FILE (Gov. Gary Herbert speaking at a press conference one day after he issued his emergency declaration. Credit: Scott G. Winterton, Deseret News, Nov. 9, 2020)

SALT LAKE CITY – Mask mandates and mandatory COVID-19 tests for college students.  Those are two parts of Governor Herbert’s emergency declaration to slow the spread of the virus.  How are Utahns responding to these new emergency orders?  Many Salt Lake residents are giving them the “thumbs up,” but there are some who are pushing back.

For those who are recovering from the virus, the COVID-19 mandates testing seems like a very good thing.  One woman, who didn’t want to give her name, says she got infected and didn’t feel any symptoms for several days.  Before she felt ill and got tested, she followed her normal routine, and now she wonders if she was spreading it to others without knowing.

“At that time, I did not know that we had COVID, and I went to the store.  I felt guilty,” she says.

Eventually, she says her whole family got sick.

“My dad got it, and he was severe, but we had faith that we were going to be OK.  Then, my husband got it and he was sick, as well, but he recovered after the second or third week.”

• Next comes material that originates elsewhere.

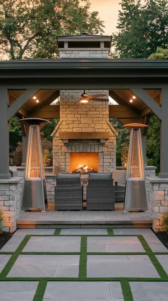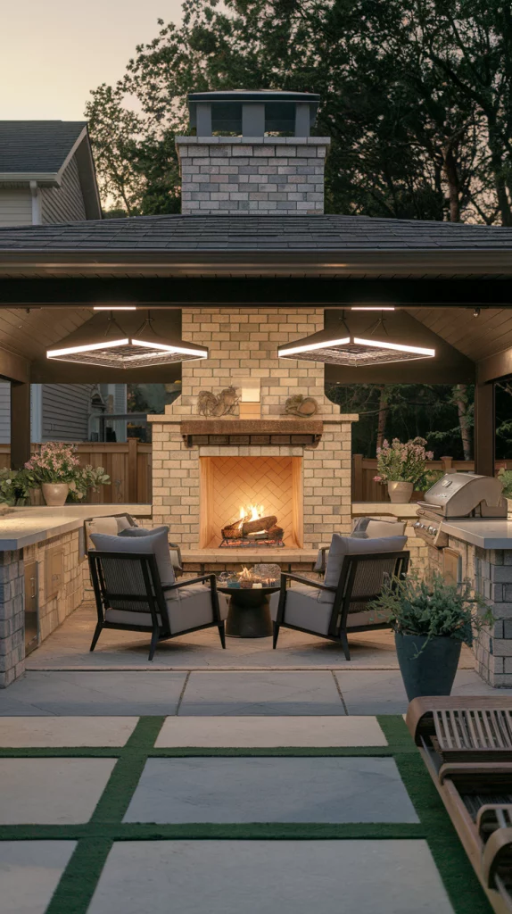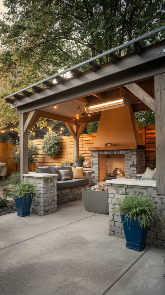 Extend the usability of your BBQ shelter into cooler seasons with outdoor heating features. These shelters can include built-in fireplaces, heaters, or fire pits to keep the area warm and inviting. Pair heating elements with cozy furniture and soft lighting to create a welcoming ambiance for year-round grilling.

Other people who spoke with KSL say the governor should have enacted his mandates a long time ago.  One man who recently moved to Utah from Oregon says that state is using stricter methods to slow the spread, and those methods appear to be working more effectively.

“Oregon is now up to a thousand cases [per day] and they’re talking about shutting down the whole state, again,” he says.

One man says he hopes people will follow the new mask mandate sooner rather than later.  He lives in Utah County, where county officials already enacted a mask mandate because of the spiking number of cases.  He says it took a while, but the mandate was eventually accepted by most of the people he sees, and he hopes the same thing will happen in other parts of the state.

(Dozens of protestors outside the governor’s mansion. Credit: Matt Rascon, KSL TV, Nov. 9, 2020)

“For the first couple of days, many people were not taking it seriously.  Then, a week and a half to two weeks later, somebody must have said something because every employee in the place I went was wearing it, whereas as before, one person was,” he says.

Of course, not everyone supports the emergency mandates.  Dozens of people protested outside the governor’s mansion, carrying signs saying things like “Tyranny spreads COVID-19,” and “It’s OK to admit when you’re wrong.”

Others say they have serious doubts about how effective the governor’s orders will be.

 “You can’t stop the virus.  It’s like a cold… you can’t stop it,” he says.